И я чётко осознаю что сплю, что всё это бред, но вытянув руку иду… Толкаю створки и… И почему-то вижу молочно-белый свет.
— Мне пора… — поднимаясь вверх и уплывая к свету говорю. — Да… Но…
Свет тянет к себе, завораживает. Кожу лица щиплет как будто электрическими разрядами, в воздухе пахнет озоном и тут…
Вглядываясь в свет, понимаю что свет рассматривает меня.
— Кто ты? — сглотнув спрашиваю. — Ты… Ты знаешь меня? Ответь… Нет. Не надо, я иду к тебе.
То же время. Кухня. Белка.
Сижу и подперев руками голову смотрю на слишком весёлую Маришку. Она, эта рыжая кикимора, ведёт себя так, как будто вообще ничего не случилось. Как будто Владу не стало плохо, дед едва не потеряв штаны не убежал за кристаллами. Нет, эта дурында, вместо того чтобы переживать, замесила тесто, ухренакала мукой и яичным порошком всю кухню, вывозилась сама и теперь стоя у плиты периодически заглядывает в духовку. Хихикает, мечтательно улыбается, и ест из банки остатки использованных ей в качестве начинки персиков.
Серафина, под стать ей. Сидит, облизываясь вдыхает ароматы выпечки, пьёт чай и нетерпеливо ёрзает на стуле.
— А скоро пирожки? — виновато улыбаясь спрашивает Преображенская.
— Десять минут, — кивает Маришка. — Но вы не надейтесь. Много я вам не дам. По одному. Тебе и Белке. Два дедушке, остальное Владику.
— Владик с ума сошёл! — не выдержав вскакиваю. — У него кукуха поплыла! То есть… Что за выражение такое? Кхым. Короче, он теперь на голову слабенький. А вы тут… Пирожки! Совсем плохие?
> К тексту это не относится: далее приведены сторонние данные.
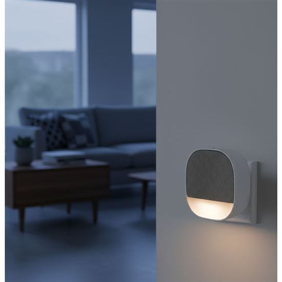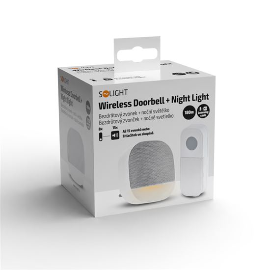 Dva v jednom – zvonček a nočné svetlo Tento model kombinuje funkciu klasického bezdrôtového zvončeka s decentným nočným osvetlením. Integrované svetielko svieti teplou bielou farbou, vďaka zaoblenému tvaru krytky neoslňuje a rovnomerne ožaruje okolitý priestor. O zapnutie sa stará súmrakový senzor, ktorý reaguje na pokles okolitého svetla. Nočný režim sa dá ľahko vypnúť priamo tlačidlom na zvončeku.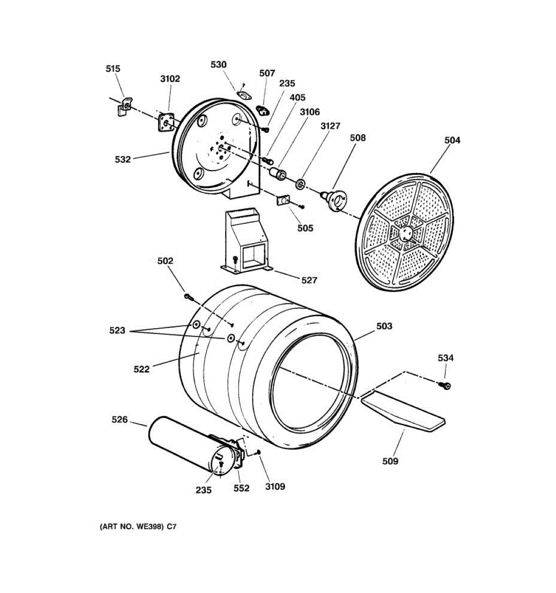 Rear drum bearing kit supports and smoothly rotates your dryer drum. Replace when you hear squealing, screeching, or grinding noises. Verify fit with your model.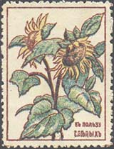 1913(?) г. Разм. рамки 25 х 34 мм. Трехцветная печать на белой бумаге. Зубц. 11 1/2. В центре в прямоугольной рамке два растения подсолнечника. Внизу справа текст в две строки: «В пользу слепых».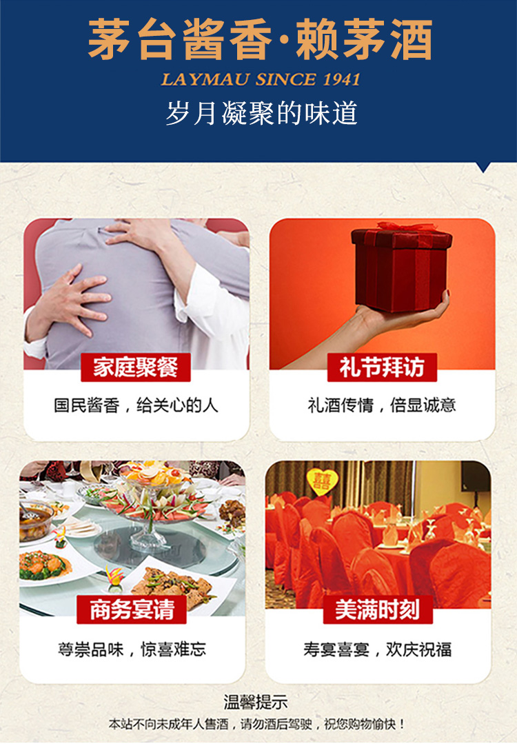 包装:瓶装;容量:376-499mL;香型:酱香型;产地:贵州;度数:50度及以上;酒精度:53%vol;容量:500ml;产品重量:0g;包装清单:茅台 赖茅(传承·蓝)53度500ml*1;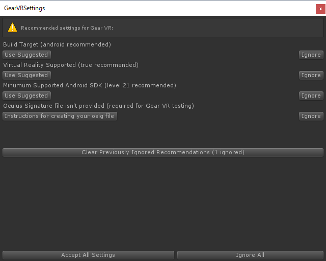 - Player Settings の XR Settings で Virtual Reality Supported に Oculus が追加されていること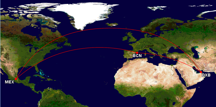 Emirates will schon seit Jahren Flüge nach Mexico City aufnehmen. Dies ist auch nicht wirklich überraschend, denn die Megametropole in Zentralamerika bietet einen riesigen Markt. Allerdings stellt diese Verbindung Emirates vor einige technische Schwierigkeiten, weshalb man sie bis jetzt noch nicht in den Flugplan aufgenommen hat. Nun gibt es Berichte, dass Emirates noch dieses Jahr Flüge von Dubai über Barcelona nach Mexico City aufnehmen wird.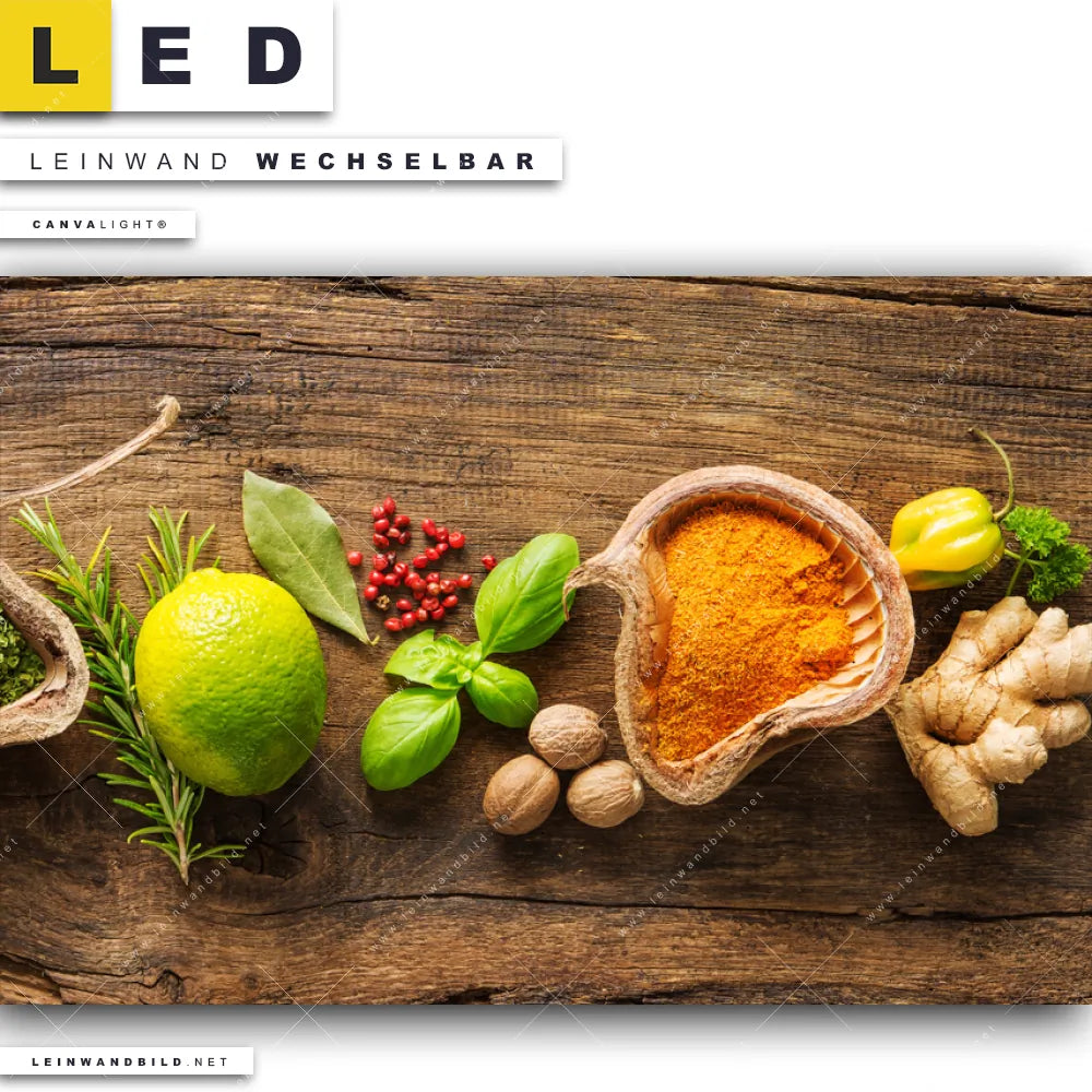 Du bist auf der Suche nach einem Essen - Trinken LED Leinwandbild im Querformat? Begriffe wie Gewürze, Kräuter, kochen, Chili, Pfeffer, Ingwer, Paprika, Holz, Knoblauch, Essen, Küche haben Dich auf der Suche nach Deinem neuen XXL LED Wandbild mit wechselbarer Leinwand inspiriert? Farben wie Braun, Rot, Grün dürfen auf Deinem neuen breiten Leinwand-LED-Bild nicht fehlen und Leuchtbilder im Modern Art, Natürlich - Realistisch Stil passen perfekt zu Deinem Einrichtungsstil?

— Ничего он не сошёл, — ворчит Серафина. — Да и плохо ему не было.
— А ты откуда знаешь?
— От верблюда, — кривится Серафина. — Мысли ваши читаю.
— Докажи, — подпрыгивает Маришка. — О чём я сейчас думаю.
— О том что я вру, — подняв кружку улыбается Преображенская. — Что, неубедительно? Хорошо, тогда держи более серьёзные аргументы. Вчера, после того как вы к Владу приставали, ты лежала и делая вид что спишь, представляла как он возьмёт тебя сзади.
— Не верю, — мотает головой Маришка. — Мы это с Белкой обсуждали, ты могла услышать.
— Точно, — уверенно киваю. — И вообще, не нравишься ты мне. Мутная какая-то.